Searching for the elusive neutrino takes on many forms. Detectors consisting of many tons of gallium are used in several experiments because neutrino interactions can occur on the stable gallium-71 (71Ga) nucleus and transform it into a radioactive isotope of germanium (71Ge) with an 11-day half-life that can then be observed with traditional radiation detectors.
However, the rate of 71Ge production from these interactions has been observed to be short of expectations. This has emerged as what is referred to as "the gallium anomaly" - a significant discrepancy that occurs when electron neutrinos bombard gallium and produce the 71Ge.
This anomaly cannot be explained by current theories. As a result, it has given rise to speculation that it could be a signature that the neutrino can transform into other exotic particles, such as sterile neutrinos, which interact even less with matter than a normal neutrino; if confirmed, this would be a massive discovery.
Recently, a suggestion was made that this anomaly could instead be explained by something more mundane - a mismeasured half-life for the 71Ge nucleus. This is because the predicted rate of neutrino interactions depends on this half-life.

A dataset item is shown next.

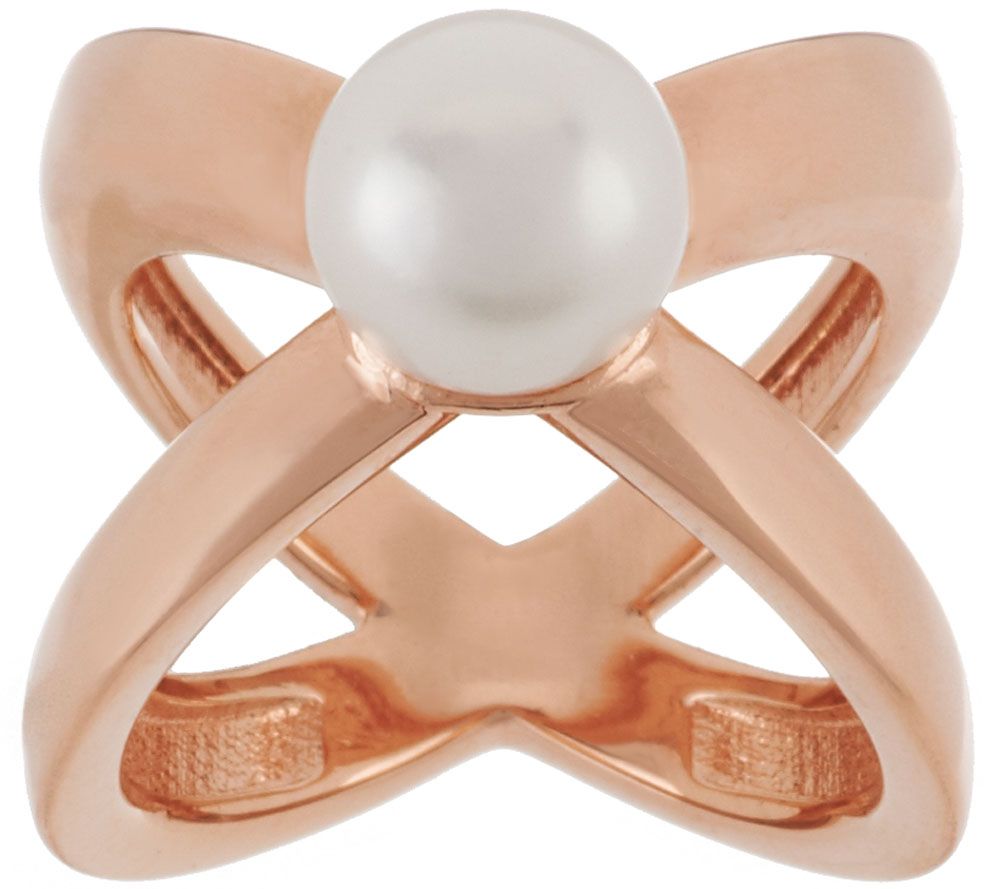 An exquisite X. A button-shaped cultured freshwater pearl is set perfectly in the center of this polished, colored bronze, X-design ring. From Honora.

To test this possible explanation of the gallium anomaly, a team of scientists from Lawrence Berkeley and Lawrence Livermore national laboratories have determined the 71Ge half-life with a set of carefully performed measurements including two performed side-by-side with other long-lived radioactive isotopes with well-known half-lives. The research appears in Physical Review C.

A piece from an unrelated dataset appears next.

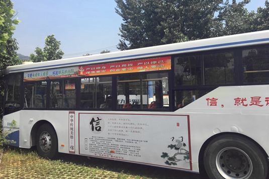主題鮮明的“社會(huì )主義核心價(jià)值觀(guān)”、“文明城市合肥歡迎您”、“學(xué)習黨章黨規”、“三嚴三實(shí)”、“志愿者服務(wù)”等公益宣傳標語(yǔ)顯得十分醒目及靚麗。流動(dòng)中的文明口號和宣傳標語(yǔ),時(shí)刻把文明與和諧透過(guò)良好的服務(wù)傳遞下去,文明服務(wù)是高新公交的責任和追求。

The team was able to pin down the 71Ge half-life to a precision about four times better than any previous measurement. The work eliminates the mismeasurement of 71Ge as an explanation for the anomaly, which thus must have a different origin - possibly in the existence of a fourth neutrino type, called a sterile neutrino.
"The new half-life obtained by our team confirmed the earlier results, but put it on much firmer footing, definitively ruling out the possible explanation that the missing neutrinos were instead due to an incorrect 71Ge half-life," said LLNL scientist and lead author Nick Scielzo. "Therefore, the gallium anomaly remains a true mystery - one that potentially still requires some kind of unexpected new neutrino behavior to understand."
Other LLNL authors include Narek Gharibyan, Ken Gregorich, Brian Sammis, Jennifer Shusterman and Keenan Thomas. The work was funded through LLNL's Laboratory Directed Research and Development program.